Abstract: Spectral methods for clustering and graph partitioning problems have been very successful for two reasons: (i) good practical solutions and easy implementations, (ii) theoretical guarantees. In this talk I will introduce these methods by giving details of underlying spectral graph theory results. I will also talk about theoretical guarantees that one can achieve by using stochastic block models. Towards the end of the talk I will provide a brief overview of our recent results on hypergraph partitioning problems and their applications to computer vision and machine learning.

Recommended Prior Reading:
  1. Only basic linear algebra is assumed.
Aditya Gopalan
Indian Institute of Science

Title: Online Learning with Structure

Abstract: Online learning or sequential decision-making studies how an agent can learn to perform a task (optimize a metric of interest) through repeated interaction and observation (trial and error).

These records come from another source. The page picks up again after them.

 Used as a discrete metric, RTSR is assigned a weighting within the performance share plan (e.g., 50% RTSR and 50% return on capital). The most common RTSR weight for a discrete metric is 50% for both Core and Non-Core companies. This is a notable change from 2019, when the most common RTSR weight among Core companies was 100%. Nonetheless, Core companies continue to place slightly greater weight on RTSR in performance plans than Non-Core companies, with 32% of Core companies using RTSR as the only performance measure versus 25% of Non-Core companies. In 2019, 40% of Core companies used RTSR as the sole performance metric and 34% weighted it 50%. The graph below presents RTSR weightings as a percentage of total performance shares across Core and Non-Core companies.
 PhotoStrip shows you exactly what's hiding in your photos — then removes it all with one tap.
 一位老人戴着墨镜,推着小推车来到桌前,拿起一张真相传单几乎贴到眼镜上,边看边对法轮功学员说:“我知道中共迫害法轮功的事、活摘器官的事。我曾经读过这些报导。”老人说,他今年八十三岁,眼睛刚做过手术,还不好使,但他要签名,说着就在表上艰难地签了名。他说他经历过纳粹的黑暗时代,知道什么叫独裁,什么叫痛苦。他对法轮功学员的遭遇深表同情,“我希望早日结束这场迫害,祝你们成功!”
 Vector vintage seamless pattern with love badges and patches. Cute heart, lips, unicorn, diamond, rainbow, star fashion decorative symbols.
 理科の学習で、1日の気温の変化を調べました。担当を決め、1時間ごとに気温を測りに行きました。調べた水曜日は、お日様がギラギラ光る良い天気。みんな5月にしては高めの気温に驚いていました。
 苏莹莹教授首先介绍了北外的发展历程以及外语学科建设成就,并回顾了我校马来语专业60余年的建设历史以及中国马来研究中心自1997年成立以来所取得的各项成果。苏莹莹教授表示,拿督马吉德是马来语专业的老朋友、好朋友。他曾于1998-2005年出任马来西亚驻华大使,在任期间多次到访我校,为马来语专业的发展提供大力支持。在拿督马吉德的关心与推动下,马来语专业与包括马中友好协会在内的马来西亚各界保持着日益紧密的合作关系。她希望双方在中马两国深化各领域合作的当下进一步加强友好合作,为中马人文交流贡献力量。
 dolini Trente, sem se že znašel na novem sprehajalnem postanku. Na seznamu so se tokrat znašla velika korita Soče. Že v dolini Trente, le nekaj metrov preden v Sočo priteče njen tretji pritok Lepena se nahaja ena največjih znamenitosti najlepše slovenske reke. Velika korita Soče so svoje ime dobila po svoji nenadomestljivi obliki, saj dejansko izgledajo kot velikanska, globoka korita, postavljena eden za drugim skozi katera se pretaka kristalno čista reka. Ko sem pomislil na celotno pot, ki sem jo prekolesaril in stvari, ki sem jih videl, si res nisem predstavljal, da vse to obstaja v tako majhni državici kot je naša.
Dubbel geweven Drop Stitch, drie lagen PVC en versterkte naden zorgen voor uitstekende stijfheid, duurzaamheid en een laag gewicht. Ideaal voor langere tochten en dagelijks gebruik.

An increasing number of modern-day automated systems are tasked with learning to make sequential decisions, e.g., Internet recommendation engines, dynamic pricing algorithms, automated trading systems, etc., by observing a variety of feedback signals, e.g., mouse clicks, demand responses, ratings, etc. A widely employed model for decision-making under uncertainty is the Multi-Armed Bandit, nearly eight decades old. Here, a decision maker repeatedly faces a choice of playing one of several “arms” or actions, each with an a priori unknown payoff, and must learn to play arms for maximum net reward. Bandit problems with large action spaces are challenging to solve in general, but the presence of additional structure often makes them significantly easier to tackle. Starting from the basic multi-armed bandit, we will explore several variations of online learning problems with rich, complex structures, and highlight efficient algorithmic paradigms to solve them. We will also attempt to cover recent results from our investigations into the robustness structure of linearly parameterized bandits and an online low-rank matrix completion bandit problem.

Prateek Jain
Microsoft Research India

Title: TBD

Abstract: TBD

Shivaram Kalyanakrishnan
Indian Institute of Technology Bombay

Title: Deep Reinforcement Learning

Abstract: If an agent can sense, think, and act in an unknown environment, how MUST it act? Reinforcement Learning (RL) is a general paradigm under which an agent, by trial and error, can discover actions that result in long-term gain. Integrating ideas from various disciplines, RL has matured as a field of study in the last few decades. Its successes range from training programs to decrease the waiting time for elevators in a building; to maximising profits from stock-trading; and to numerous tasks in robotic control and decision-making. In spite of these successes, RL is yet to be counted upon as a practically-viable technology. To a large extent, the gap between the promise of RL and its practical effectiveness has arisen from the lack of suitable representations (and representation-discovery mechanisms) in domains of interest. Interestingly, it is precisely this gap that the emerging paradigm of deep learning is beginning to fill. Deep learning is a data-driven technique that is capable of learning complex non-linear input-output relationships, which are represented using neural networks with a large number of layers (hence "deep"). The combination of RL with deep learning has registered remarkable successes in recent months. Notably, it has resulted in AI-based agents that exceed human-level performance on a suite of ATARI console games, and also on the more challenging game of Go. I will begin this talk with an overview of RL and its key algorithmic elements. Specifically, I will outline the role of representations in determining the success of RL. I will follow with a brief survey of deep learning, and proceed to describe the architecture of the agents that have recently succeeded at ATARI and Go. I will end the talk with thoughts about this new beginning for "deep reinforcement learning".
Animesh Mukherjee
Indian Institute of Technology Kharagpur

Title: In-depth analysis of large-scale citation networks

Abstract: In this talk I shall present an overview of our four year long research initiative in citation networks. Following a very brief introduction about temporal networks, I shall talk about our investigations in the context of the computer science domain further sub-divided into its constituent fields (e.g., AI, ALGO, NETW, ML, IR etc.). Out of a number of things, I shall mainly focus on three issues -- (a) impact of ancient papers (b) the evolutionary landscape of the CS fields; (c) long-time characteristics of the scientific citation profiles and accurate prediction of future citation counts and (d) formation of co-authorship circles (very briefly).
Vaibhav Rajan
Xerox Research Centre India

Title: Dependency Modeling with Copulas

Abstract: I'll begin with a brief introduction to copulas and their use in modeling dependencies in multivariate distributions. I'll then describe parameter estimation methods for Gaussian and Gaussian Mixture Copulas for continuous- and ordinal- valued data. I'll conclude with some of our recent results in dependency-seeking clustering using Gaussian mixture copulas.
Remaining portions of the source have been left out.